----- INFORMATION

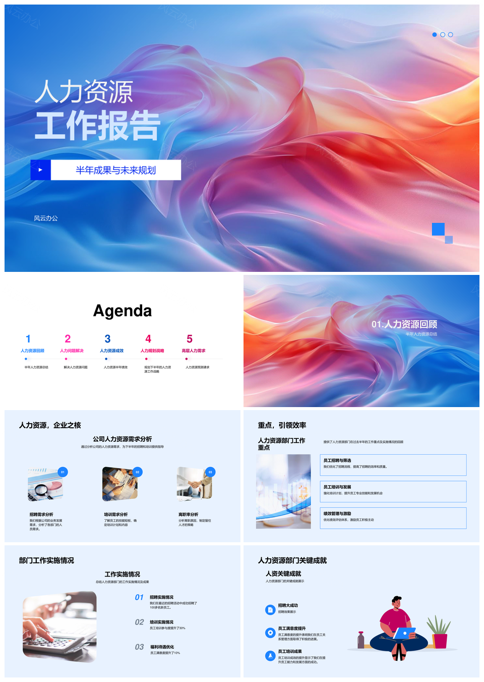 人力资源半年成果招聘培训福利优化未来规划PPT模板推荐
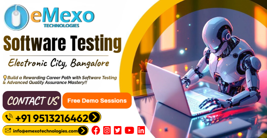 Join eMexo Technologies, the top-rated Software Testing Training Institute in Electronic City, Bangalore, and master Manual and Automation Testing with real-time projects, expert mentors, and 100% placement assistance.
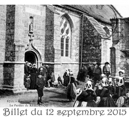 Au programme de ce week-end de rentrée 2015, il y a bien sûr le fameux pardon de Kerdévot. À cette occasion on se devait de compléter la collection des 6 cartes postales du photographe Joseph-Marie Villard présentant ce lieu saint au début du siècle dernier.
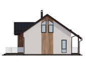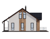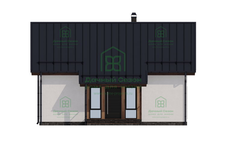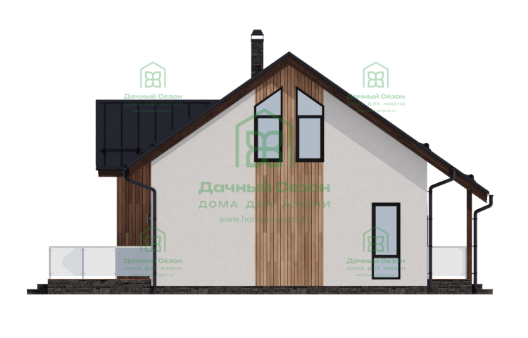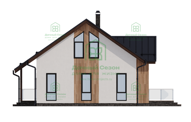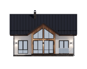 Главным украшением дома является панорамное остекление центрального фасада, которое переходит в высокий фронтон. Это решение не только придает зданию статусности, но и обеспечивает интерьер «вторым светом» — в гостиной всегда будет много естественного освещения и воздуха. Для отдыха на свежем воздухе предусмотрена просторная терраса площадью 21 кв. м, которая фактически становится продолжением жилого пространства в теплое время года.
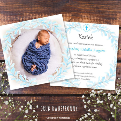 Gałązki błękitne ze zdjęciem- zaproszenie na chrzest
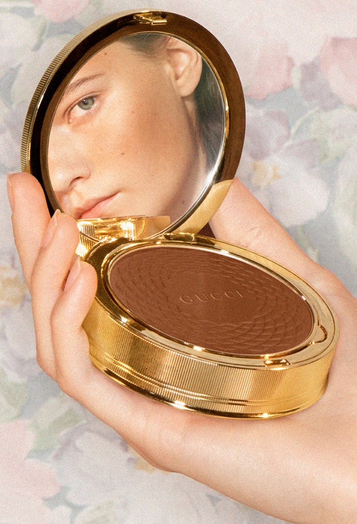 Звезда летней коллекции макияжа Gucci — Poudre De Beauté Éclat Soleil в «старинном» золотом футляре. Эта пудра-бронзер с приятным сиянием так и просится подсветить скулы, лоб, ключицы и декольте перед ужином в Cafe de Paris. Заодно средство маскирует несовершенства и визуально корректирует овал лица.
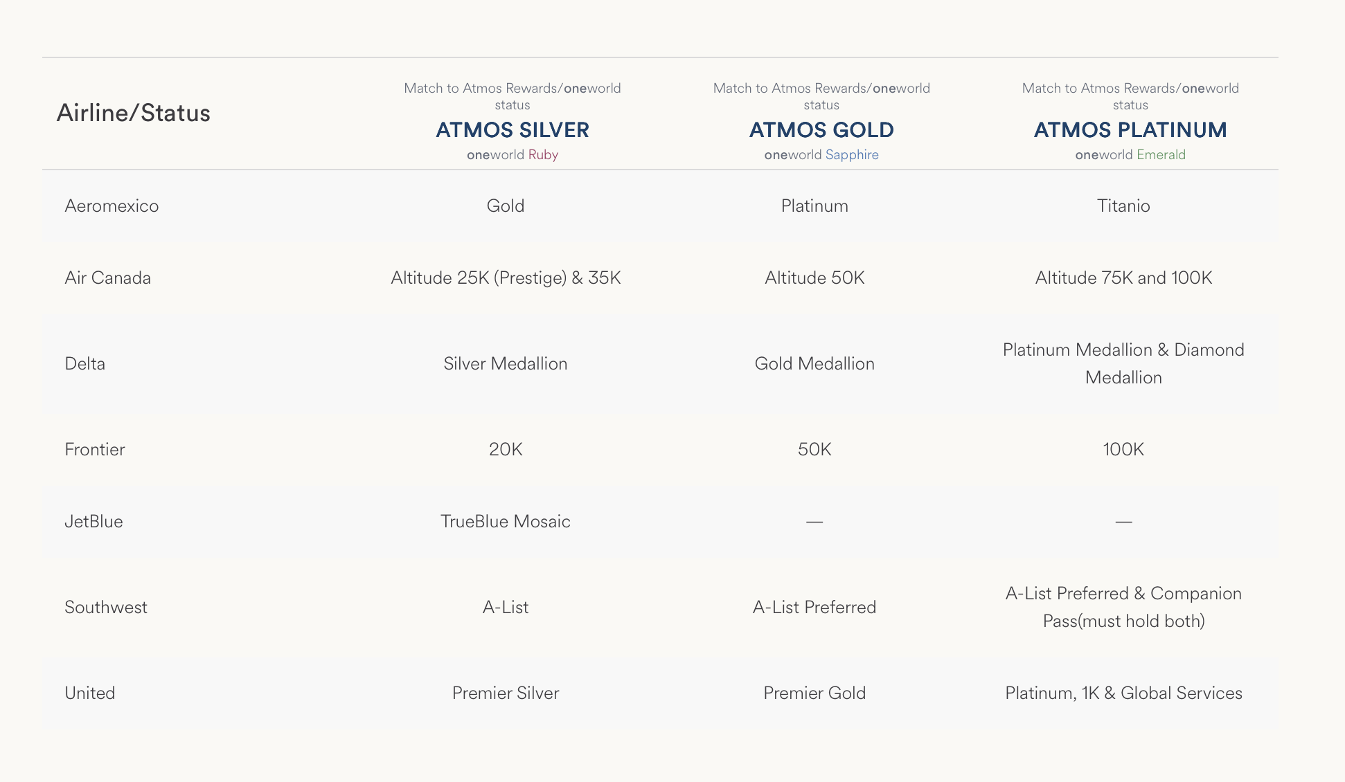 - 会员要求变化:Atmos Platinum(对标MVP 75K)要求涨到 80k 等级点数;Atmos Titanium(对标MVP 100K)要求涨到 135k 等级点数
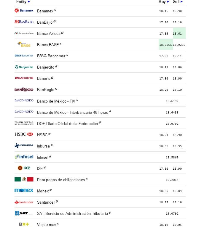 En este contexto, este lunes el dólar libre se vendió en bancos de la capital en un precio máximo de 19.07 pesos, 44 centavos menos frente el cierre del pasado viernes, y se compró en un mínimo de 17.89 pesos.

----------
----- INFORMATION

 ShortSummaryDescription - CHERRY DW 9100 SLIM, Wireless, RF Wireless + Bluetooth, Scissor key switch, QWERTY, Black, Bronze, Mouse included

----------

◆ **TASK TO COMPLETE**
What's needed is an exact copy of the records above from the line containing "Gałązki błękitne ze" down to the line containing "En este contexto, este", both included, without any pictures.

◆ **TASK RESPONSE**
 Gałązki błękitne ze zdjęciem- zaproszenie na chrzest
 Звезда летней коллекции макияжа Gucci — Poudre De Beauté Éclat Soleil в «старинном» золотом футляре. Эта пудра-бронзер с приятным сиянием так и просится подсветить скулы, лоб, ключицы и декольте перед ужином в Cafe de Paris. Заодно средство маскирует несовершенства и визуально корректирует овал лица.
 - 会员要求变化:Atmos Platinum(对标MVP 75K)要求涨到 80k 等级点数;Atmos Titanium(对标MVP 100K)要求涨到 135k 等级点数
 En este contexto, este lunes el dólar libre se vendió en bancos de la capital en un precio máximo de 19.07 pesos, 44 centavos menos frente el cierre del pasado viernes, y se compró en un mínimo de 17.89 pesos.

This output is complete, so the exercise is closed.